March 8th marked the celebration of International Women’s Day (IWD), which annually highlights the importance in the movement for women’s rights. Raising awareness against bias, taking action for equality, and challenging gendered actions against women in order to create change remains important.

There are countless issues facing women such as domestic abuse and lack of leadership positions, due to gender discrimination. Yet, many women continue to show courage and determination in their everyday lives, and have played a critical role in the workplace and the fight against COVID-19 as essential workers; in addition to managing households while supervising the online schooling of children at home.

While IWD was celebrated earlier on, March is Women’s History Month. At C-CRETS, we have used our platform to speak up on the need for greater gender equality in the workplace.

According to Payscale.com, in 2020, women earned 81 cents for every dollar men earned. In addition, women are underrepresented in high-earning jobs, as well as in leadership roles, including the C-Suite. Part of the reason women face bias is due to the belief that women will not be as committed to or leave the workforce due to family matters, including pregnancy.
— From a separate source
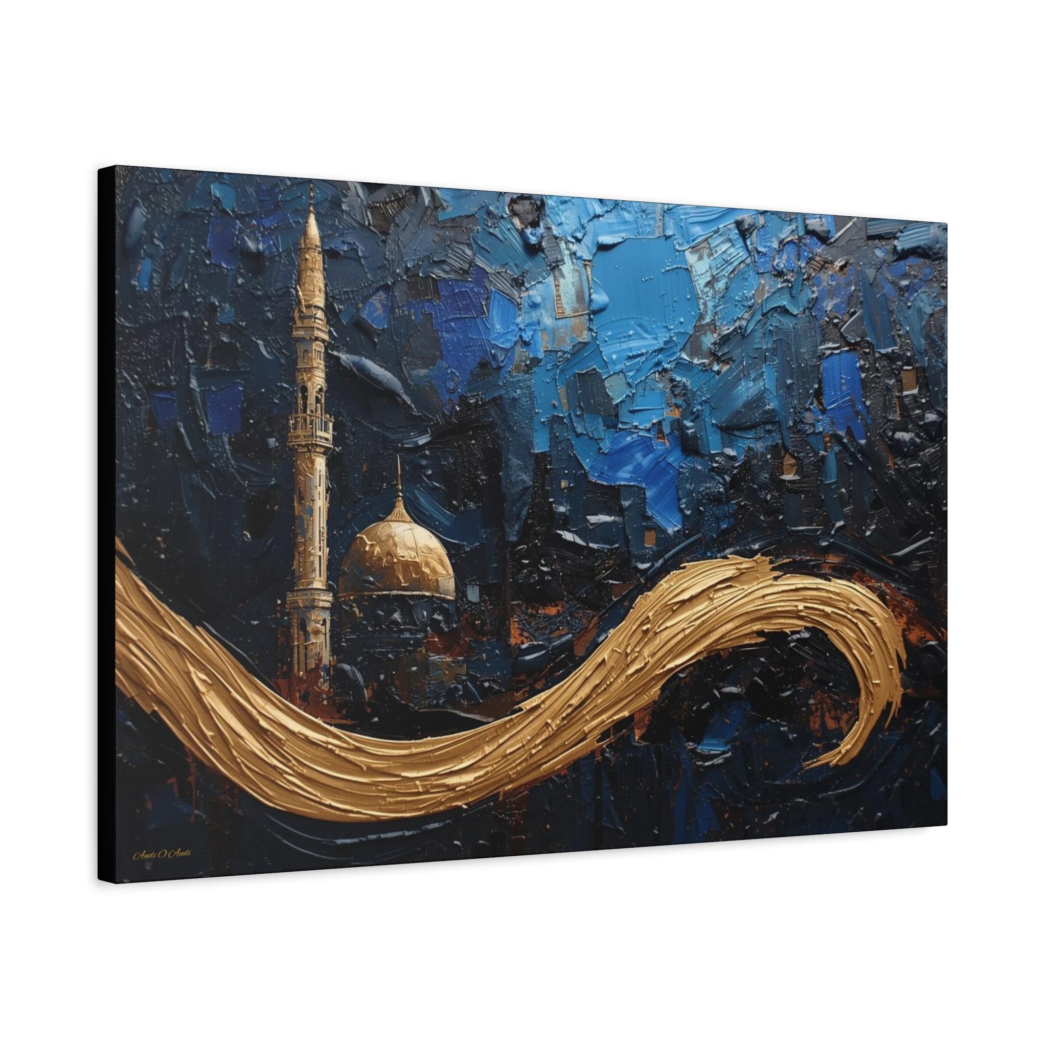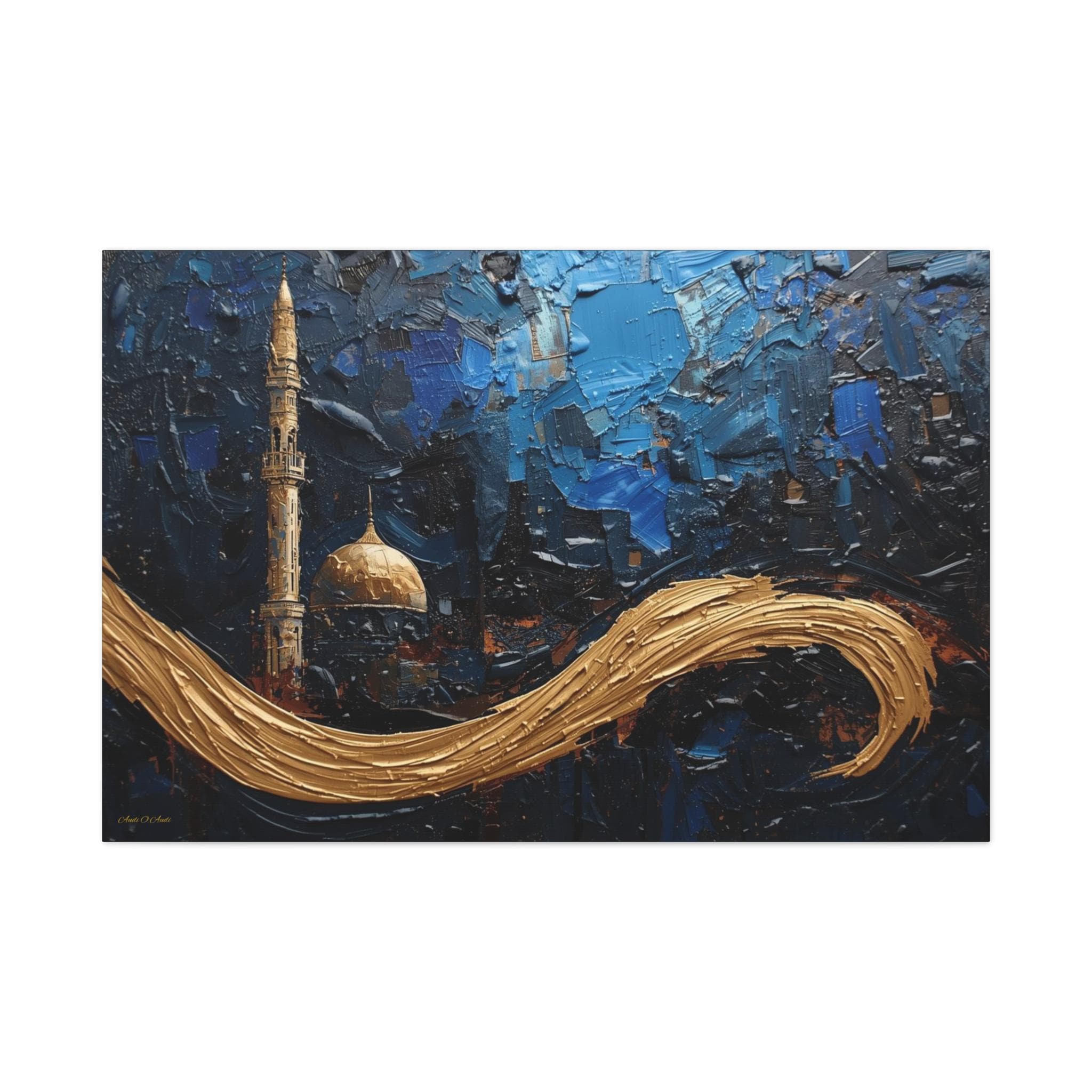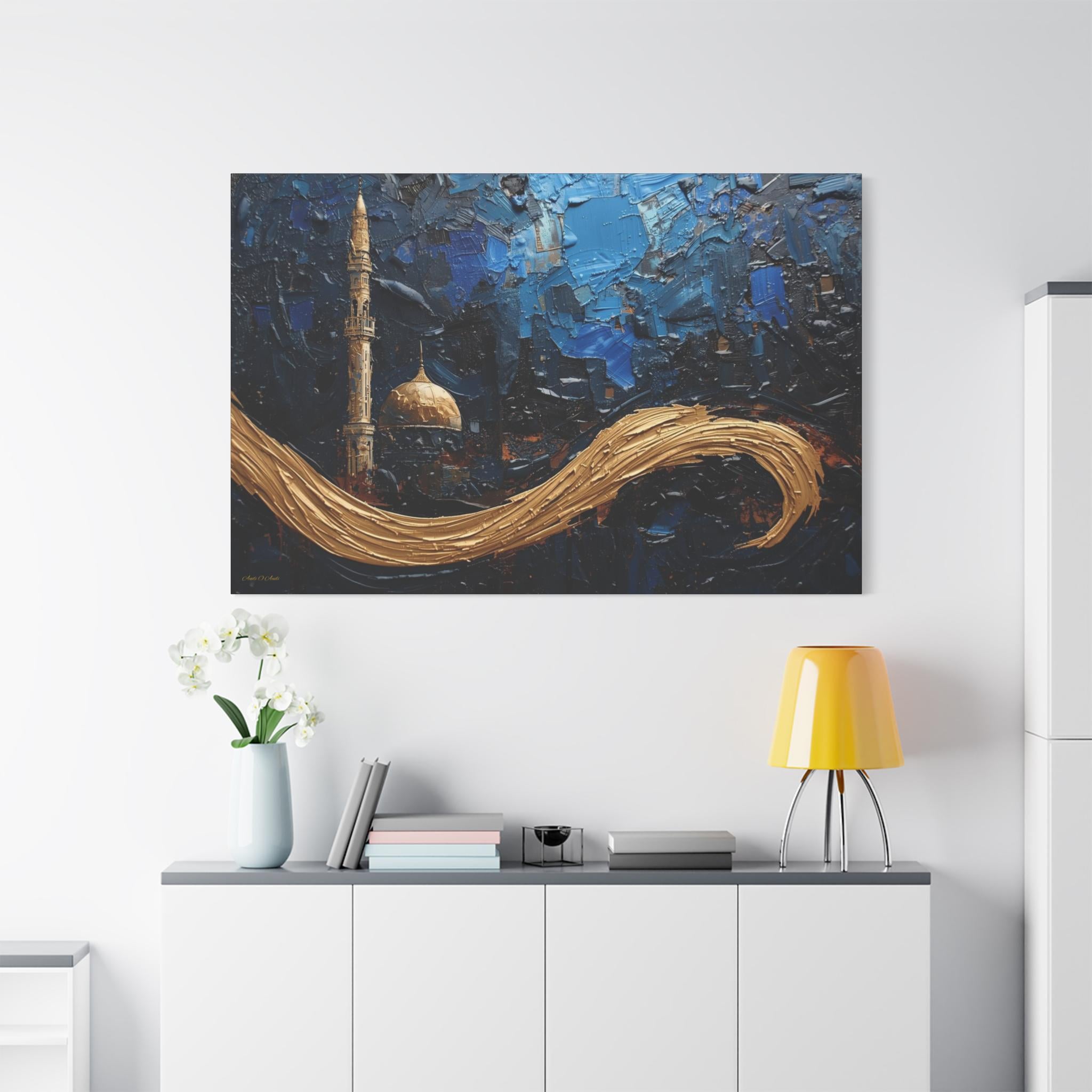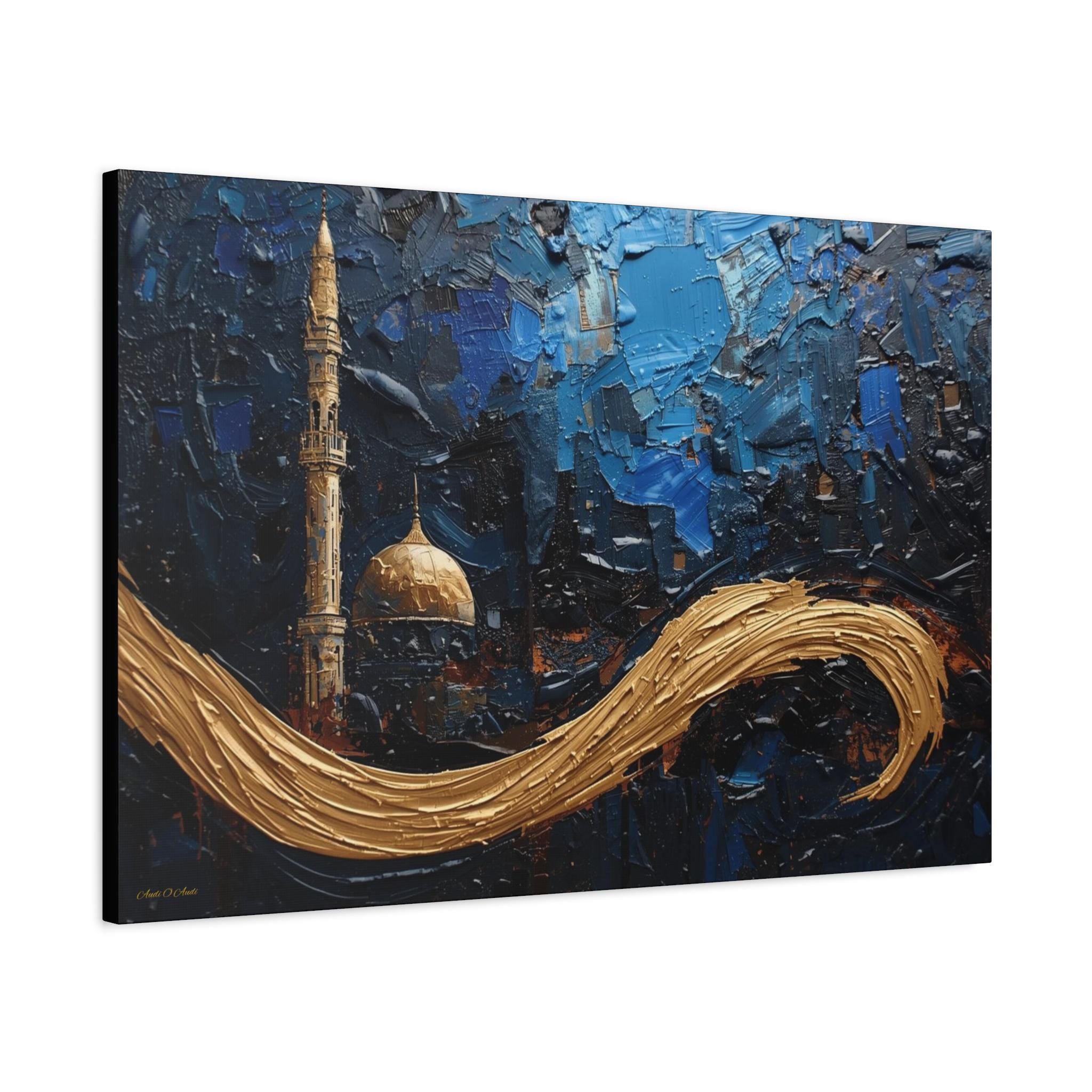 The Golden Crescent, Gold Brushstroke Mosque Canvas Print

In recognizing Women’s History Month, it’s important to be aware of the issues women face today. While women earn less in the workforce, the COVID-19 pandemic has also highlighted that women bear most of the childcare and household responsibilities.

Women continue to challenge many of the gendered expectations and biases placed on them. It’s been this willingness to defy expectations that have propelled historical changes for women including in the areas of education, politics, and work. Yet lasting change also require a commitment not only by women, but by their male counterparts as well.

C-CRETS spotlights voices of women during Women’s History Month.

Dorit Cypis discusses transforming whiteness in order to create a more inclusive workplace. In a conversation with Theresa Robinson, she reveals how Black women can find their voices. And former Black Panther Party leader, Elaine Brown, provides a historical journey of the struggle for social justice over the past 50 years.

In celebration of Women’s History Month, here’s what you can do.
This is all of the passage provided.